▎ 摘　　要

As the rapid growth of supercapacitor industry, there are increasing demands for aqueous dispersible and environmentally friendly polymer binders to manufacture graphene electrodes with high capacitance, long lifetime, and great mechanical flexibility. Here, four different binders were selected to study the effect on structural and electrochemical performance of the reduced graphene oxide (rGO) thin film electrodes. The four binders include two fluorinated polymers, a conductive binder formulation, and a water-based elastomeric binder.

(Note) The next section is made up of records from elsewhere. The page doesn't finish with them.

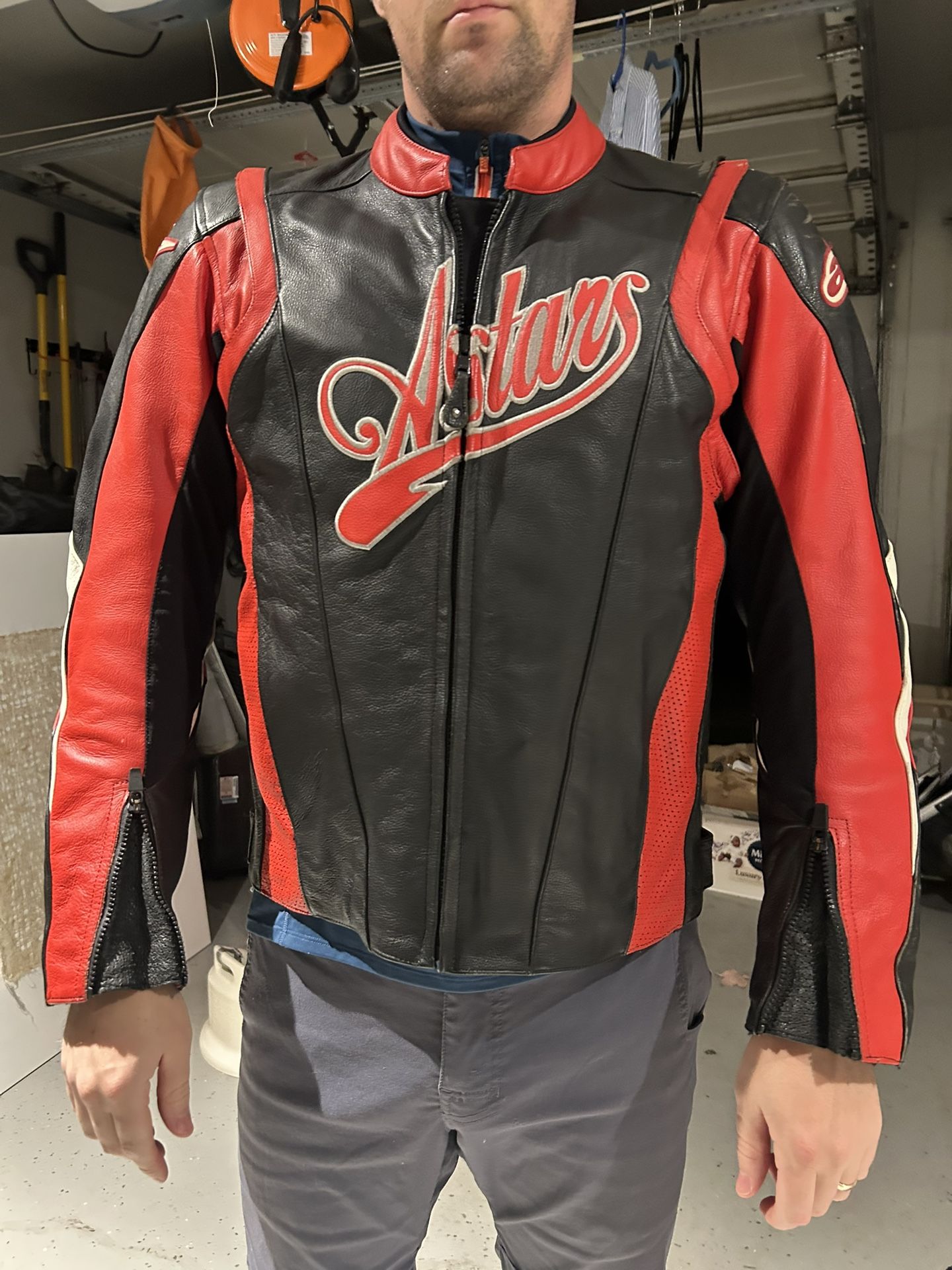 Retail: $600. Black Label Street Rider Jacket. Genuine leather riding jacket is in excellent condition with the exception of the few blemishes on the left shoulder. Outer Shell: •This jacket is made from 1.2-1.3 mm thick drum-dyed top grain cowhide leather for excellent abrasion resistance. •Pre-curved sleeves for the proper riding position. •Original YKK zipper at front, cuffs •Safety stitch. Inner Shell: •Racing leather jacket have 100% polyester mesh lining. •CE approved removable protectors on shoulder, elbow. •CE approved removable back protector & hump. •Safety stitched.had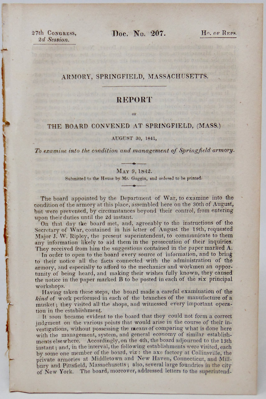Davies, Charles; et al. Armory, Springfield, Massachusetts (Doc. No. 207) Report of the Board convened at Springfield, (Mass.) August 30, 1841, To examine the condition and management of Springfield armory. Washington DC: Government Printing Office, 1842. [11666]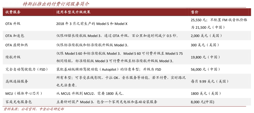 經(jīng)典案例:根據(jù)公司官網(wǎng)、中金公司研究部等綜合資訊表明,特斯拉 2019 年銷量約為 33 萬輛,截至 2019 年全球保有量約 77 萬輛,隨著產(chǎn)銷量不斷爬坡,保有量持續(xù)上漲, 特斯拉推出了一系列付費(fèi)升級及付費(fèi)訂閱服務(wù),收入來源從主要由“新車貢獻(xiàn)”逐漸轉(zhuǎn)向“增量+保有量”共同貢獻(xiàn)。

The morphology, crystallinity, thermal stability, and hydrophilicity of the electrode films were characterized. Electrochemical measurements were carried out to compare capacitance, resistance, and frequency response of the electrodes with various binders. Results reveal that the rGO with conductive binders showed the highest capacitance with low internal resistance in both aqueous and organic electrolytes; while the rGO bound by elastomeric binder exhibited excellent cycling stability, low charge transfer resistance, and low relaxation time constant in aqueous electrolyte. Moreover, it was found that that binders with high conductivity and enhanced compatibility with electrolytes can facilitate ionic diffusion within the porous structure of electrodes, which leads to faster frequency response and better capacitive properties. (C) 2018 Published by Elsevier Ltd.